-- What the task asks --
Copy the following data exactly and drop the pictures.
[Opening Supplied data section]
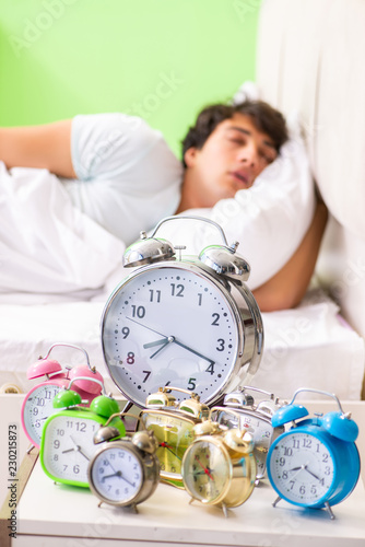 Young man having trouble waking up in early morning
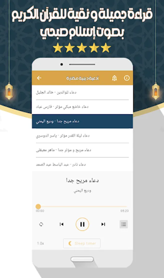 The application of the Noble Qur’an Islam Sobhi allows you to hear all the surahs of the Noble Qur’an in addition to supplications through your mobile phone or device
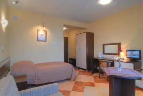 В номере вы найдёте телевизор. Оснащение зависит от выбранной категории номера.
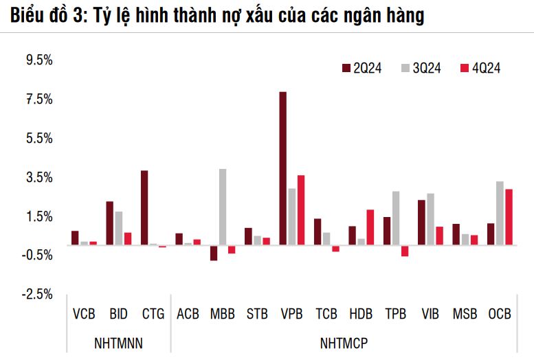 Ở đây, em muốn giới thiệu đến Anh Chị một biểu đồ quan trọng nữa, đó là biểu đồ tỷ lệ hình thành nợ xấu của các ngân hàng trong năm 2024.
[Closing Supplied data section]
-- Result --
 Young man having trouble waking up in early morning
 The application of the Noble Qur’an Islam Sobhi allows you to hear all the surahs of the Noble Qur’an in addition to supplications through your mobile phone or device
 В номере вы найдёте телевизор. Оснащение зависит от выбранной категории номера.
 Ở đây, em muốn giới thiệu đến Anh Chị một biểu đồ quan trọng nữa, đó là biểu đồ tỷ lệ hình thành nợ xấu của các ngân hàng trong năm 2024.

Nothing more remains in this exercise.